WIRED TO WIN: SURVIVING THE TOUR DE FRANCE

C+

The first big-screen IMAX movie about the Tour de France captures some stunning race footage and uses computer-generated graphics nicely to show non-fans the grueling character of the course the cyclists must cover. But “Wired to Win” doesn’t want simply to record the event. It tries to personalize it by concentrating on two participants, both members of a French team though one is an Australian. And it seeks to tie the race story to a larger scientific treatment of how the brain functions in human activity, especially of the extreme sort. And it’s in these two areas that the forty-minute picture comes up short.

The race that serves as the focus of the film was in 2003, and some footage is devoted to Lance Armstrong, who was the ultimate winner. But the major emphasis is on Jimmy Casper, who was seriously injured in a spill and showed his pluck by continuing as long as he could, and Baden Cooke, an up-and-coming youngster who’s aiming to win the green jersey that marks the fastest rookie. The two men, it turns out, are hardly natural screen personalities; in their interview segments and screen interaction off the bikes they come across as posed and stilted. Still, on the wheels they’re graceful and intense, and the race footage captured by director Bayley Silleck captures those qualities (though some was apparently “re-created”). The filmmakers use various devices–including split screens and graphics–well in the process, too.

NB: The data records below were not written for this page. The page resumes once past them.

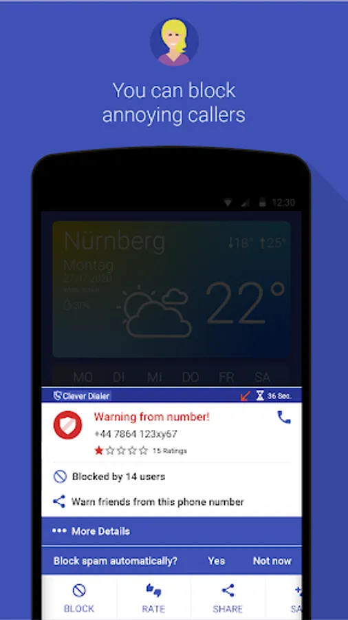 With Clever Dialer spam callers don't stand a chance. Incoming calls are being checked against our extensive spam caller database. The Clever Dialer community helps us staying on top of things. Every user can report spam calls, so even numbers that spam only very recently are included.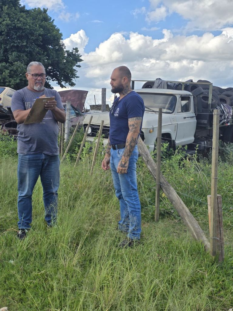 A fiscalização foi conduzida pelo secretário adjunto do Meio Ambiente e Serviços Públicos, Rodrigo Más, que reforçou o caráter da ação. “Foram constatadas diversas irregularidades ambientais e sanitárias, incluindo o armazenamento inadequado de pneus, a presença de recipientes com acúmulo de água e o manejo incorreto de resíduos, além de atividades em desacordo com a legislação vigente”, destacou.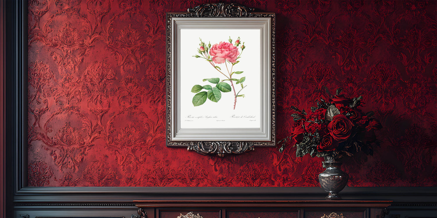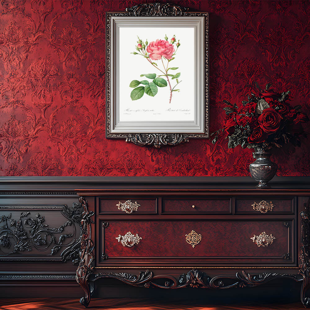 Neoclassical Art Prints: Rosa Centifolia Anglica Rubra by Redouté
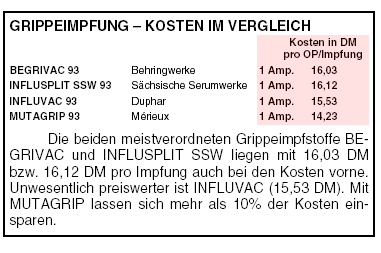 FAZIT: Die Grippeimpfung (BEGRIVAC 93 u.a.) schützt Ältere und Risikopersonen vor Influenza oder mildert zumindest den Verlauf der bisweilen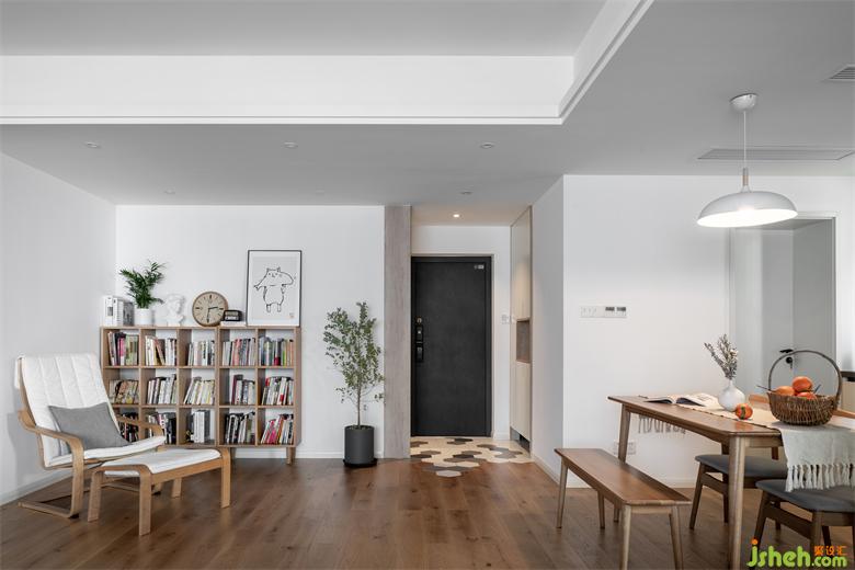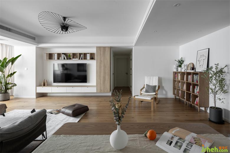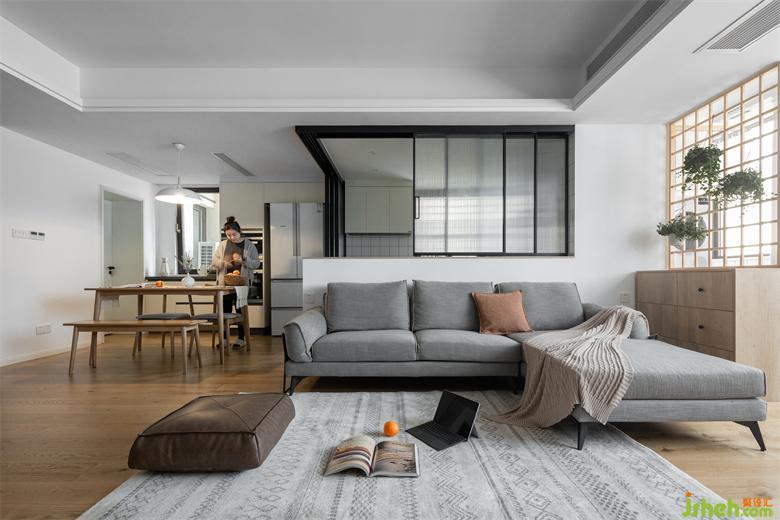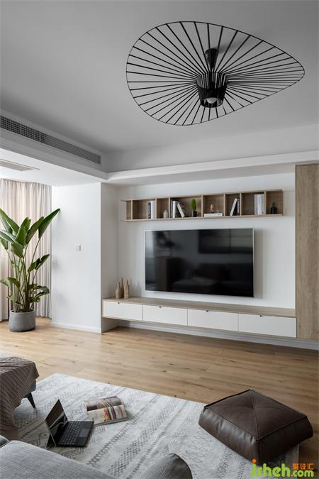 整個(gè)空間運(yùn)用了大面積的白色和原木色系,廈門(mén)家居設(shè)計(jì)柔軟的淺灰色沙發(fā)搭配米卡其色地毯,單椅,懶人坐墊,色彩的變化給空間帶來(lái)豐富的層次感。

The real problem with “Wired to Win” comes in the effort to connect the exciting race material with a scientific discussion of how the brain works to control the body’s response to stimuli in such stressful conditions. In these segments the picture becomes more like a high-school instructional short–one that’s an exceptionally good example of the genre, to be sure, but still pedantic and dull, especially given the soporific narration delivered by Alfred Molina, who doesn’t sound too interested himself.

The result is a little movie that offers a nice visual overview of the Tour, but doesn’t quite work either as an insightful portrait of its competitors or as a science lesson.